(SOURCE MATERIAL):
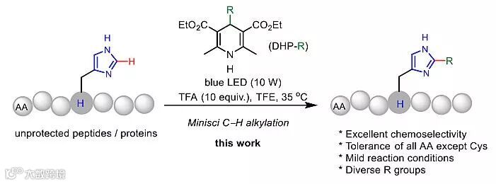上海交通大学王平、南开大学陈弓课题组基于经典的Minisci反应,首次实现了多肽或蛋白序列中组氨酸残基咪唑环C2位的选择性修饰,该方法选择性高,条件温和。机理研究发现DHP在光反应条件下同时作为自由基前体以及氧化剂存在。该反应是多肽组氨酸修饰的重要突破,有望在多肽药物、生物标记等领域发挥重要作用。
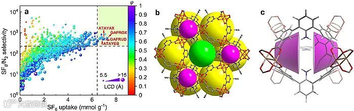 图1a提供了在工业相关工作条件(SF6:N2 = 10:90 气体混合物;1.0 bar 和 298 K)下CoRE-MOF 数据库中选取材料(PLD > 5.5 Å)的模拟SF6/N2选择性和SF6吸附量的四维可视化图。其中,绿色阴影区域可以识别为能克服trade-off现象的最佳候选MOFs。其中突出显示的四个候选物具有相同的ssa型拓扑(图1b)。值得注意的是,这四种MOFs均由Cu或Zn轮浆单元组成,且其中一个空腔(图1c)在一定程度上具有类似于杯[3]芳烃分子的形状。
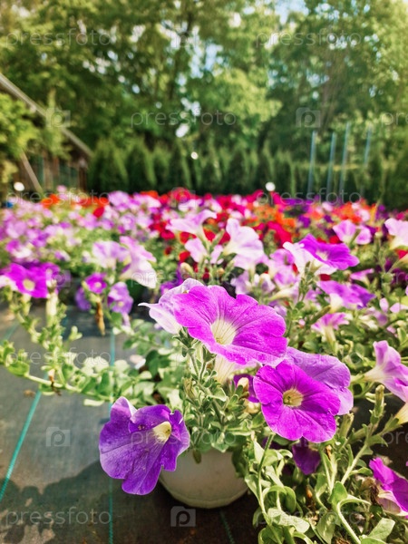 Красочные петунии в питомнике. Крупный план цветов петунии, растущих в зеленом саду
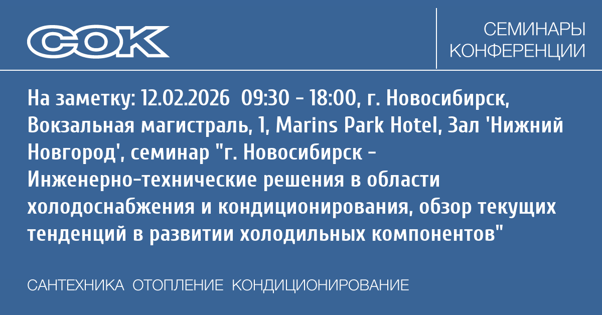 Семинар: г. Новосибирск - Инженерно-технические решения в области холодоснабжения и кондиционирования, обзор текущих тенденций в развитии холодильных компонентов
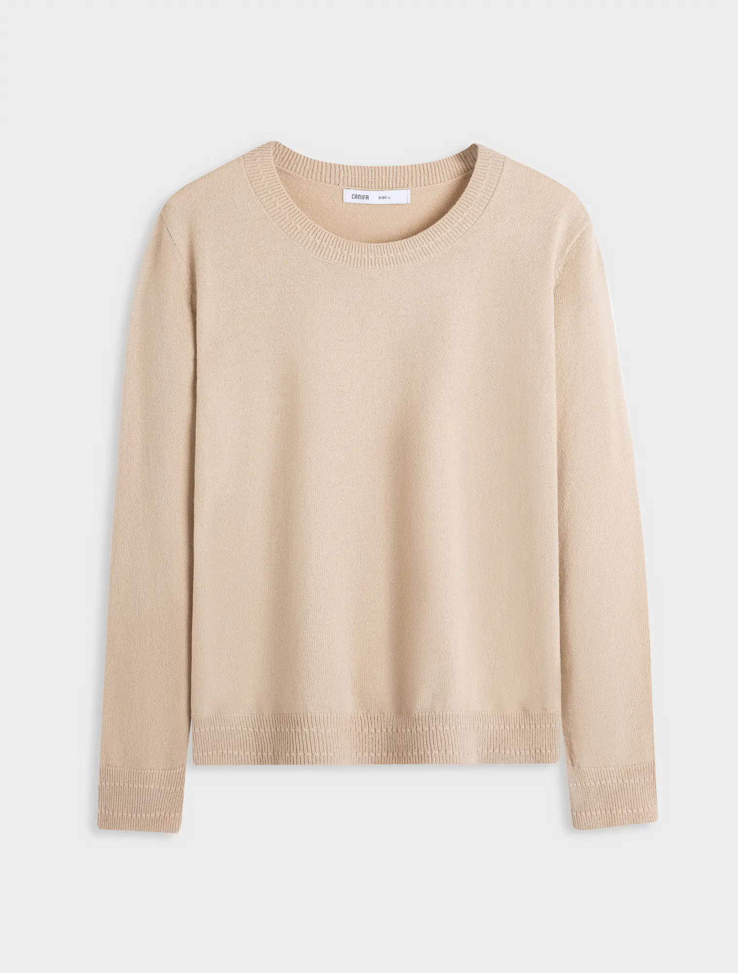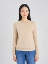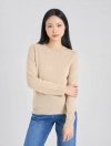 Áo len dài tay nữ cổ tròn dáng rộng vừa, chi tiết kiểu ở cổ tay và gấu áo. Chất liệu mỏng nhẹ, có khả năng giữ ấm tốt.
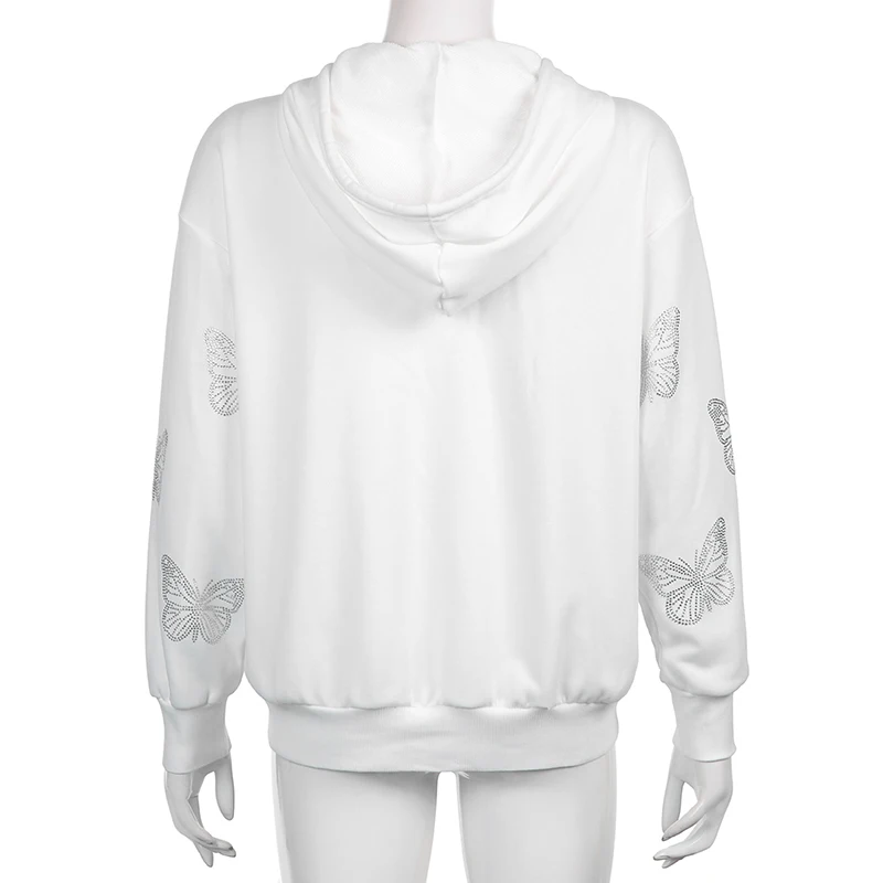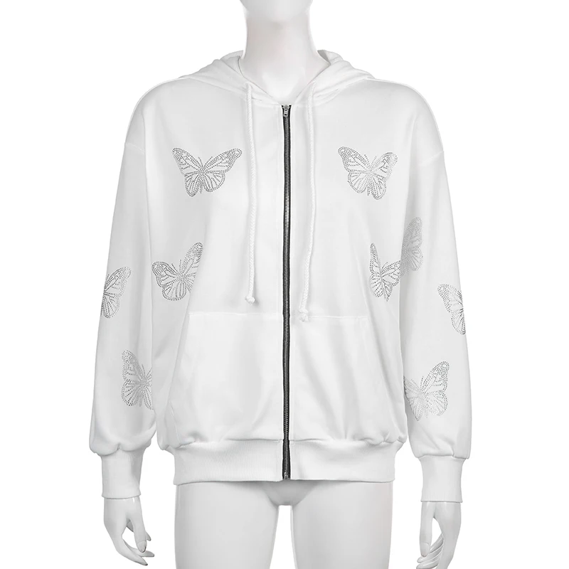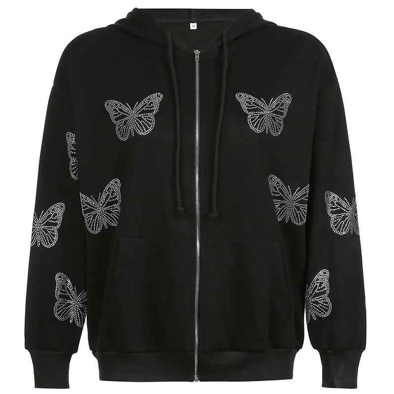Стразы Harajuku толстовки с капюшоном на молнии с принтом бабочек Y...
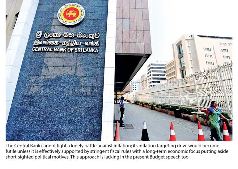 It would be a suicide mission for the Central Bank to undertake inflation target-based monetary policy without strictly enforcing budget discipline by the Government, as I cautioned in my article appeared in the Daily FT of 30 October (see http://www.ft.lk/columns/The-political-economy-of-central-banking-in-Sri-Lanka/4-642422). Although I anticipated it would spark a heated debate, several writers have expressed similar sentiments favouring my argument in their subsequent newspaper articles.
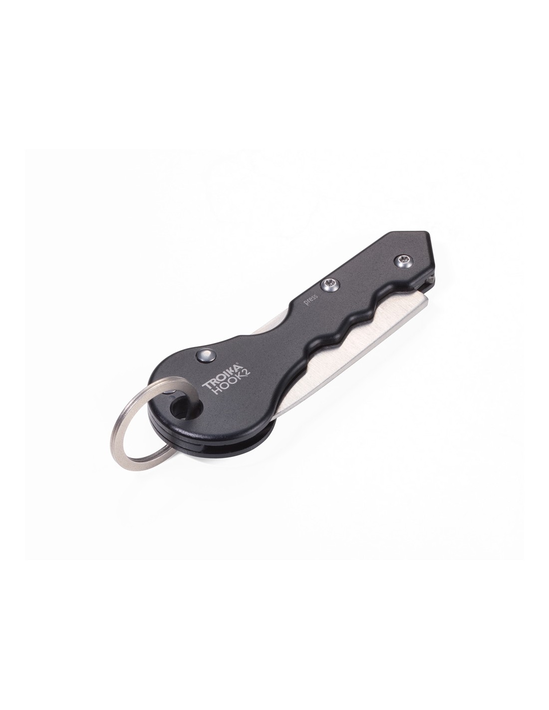 TROIKA HOOK2 Couteau de poche avec anneau pour clé, gris mat/noir
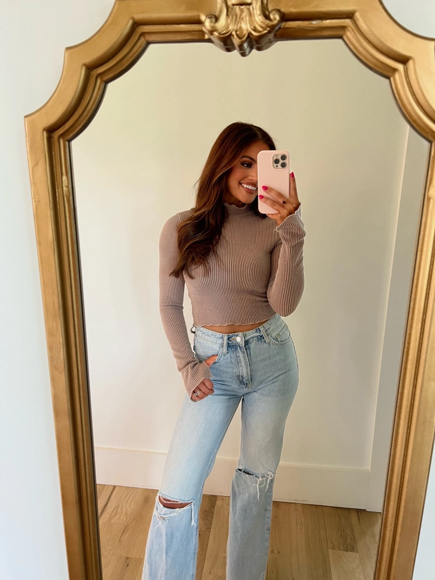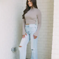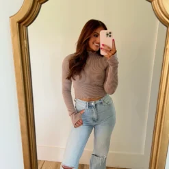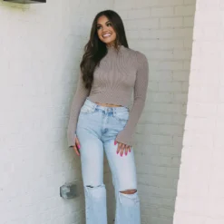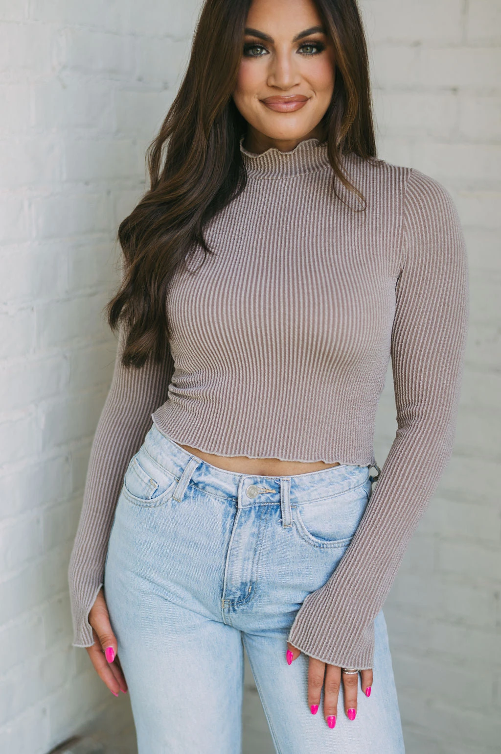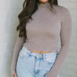 This ribbed mock neck top is perfect for those cool days when you want to look your best. Its cozy mocha hue pairs perfectly with the stretchy, cropped silhouette and long sleeves. Enjoy the feel of the luxuriously ribbed fabric, and look effortlessly stylish!
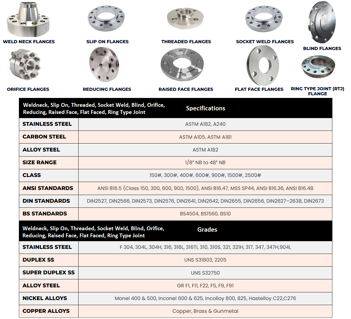 Weld Neck, Slip-On, Blind, Threaded, and Socket Weld flanges manufactured in accordance with industry standards and customer specifications.
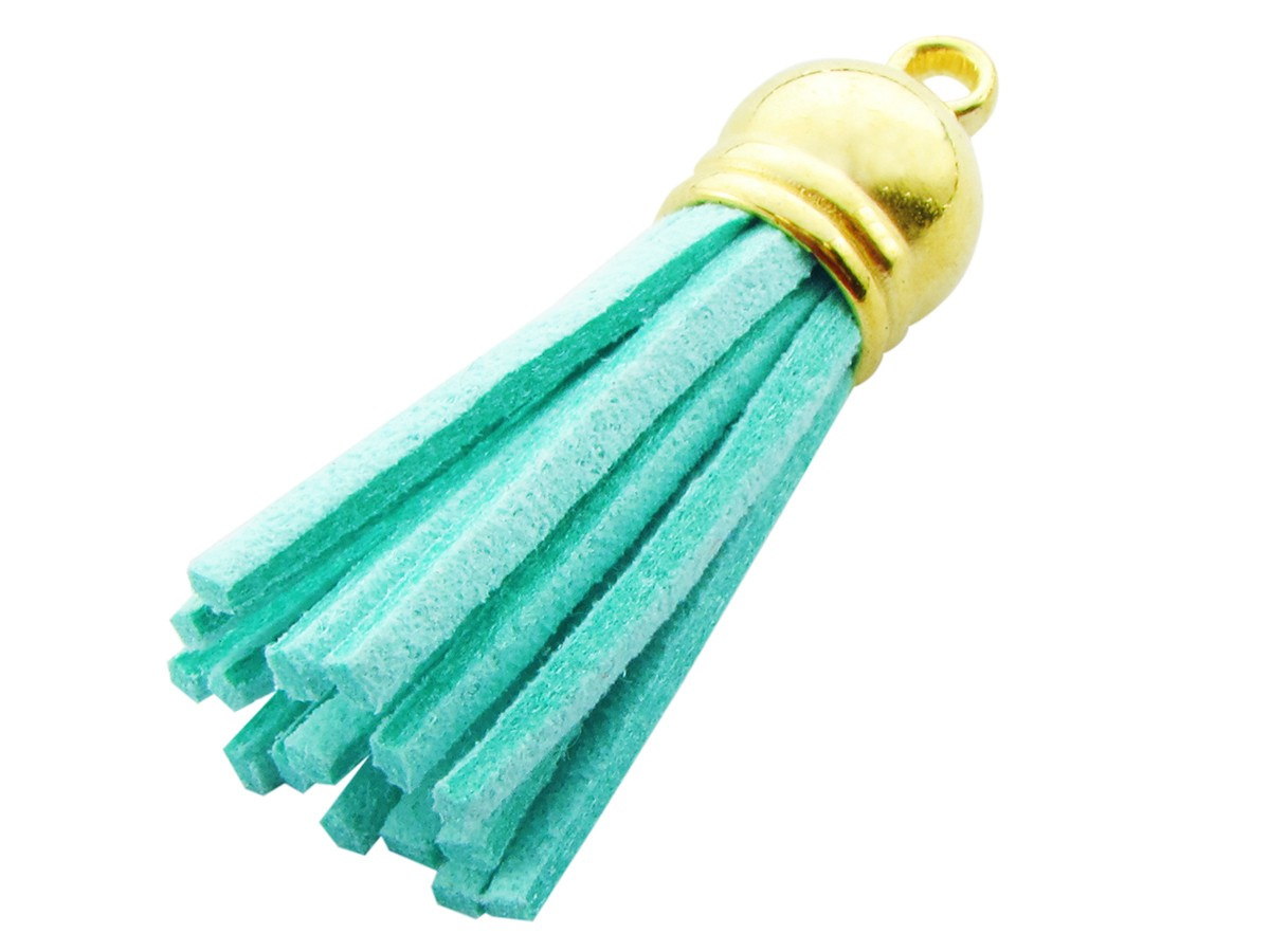 Chwost z rzemienia zamszowego / z końcówką / 40mm / kolor złoty, turkusowy / uchwyt 2mm / 2szt

(REQUIRED WORK):
Although the records hold pictures, the copy must not; give again exactly the lines from the one with "Áo len dài tay" through the one with "Стразы Harajuku толстовки".

(ANSWER SECTION):
 Áo len dài tay nữ cổ tròn dáng rộng vừa, chi tiết kiểu ở cổ tay và gấu áo. Chất liệu mỏng nhẹ, có khả năng giữ ấm tốt.
Стразы Harajuku толстовки с капюшоном на молнии с принтом бабочек Y...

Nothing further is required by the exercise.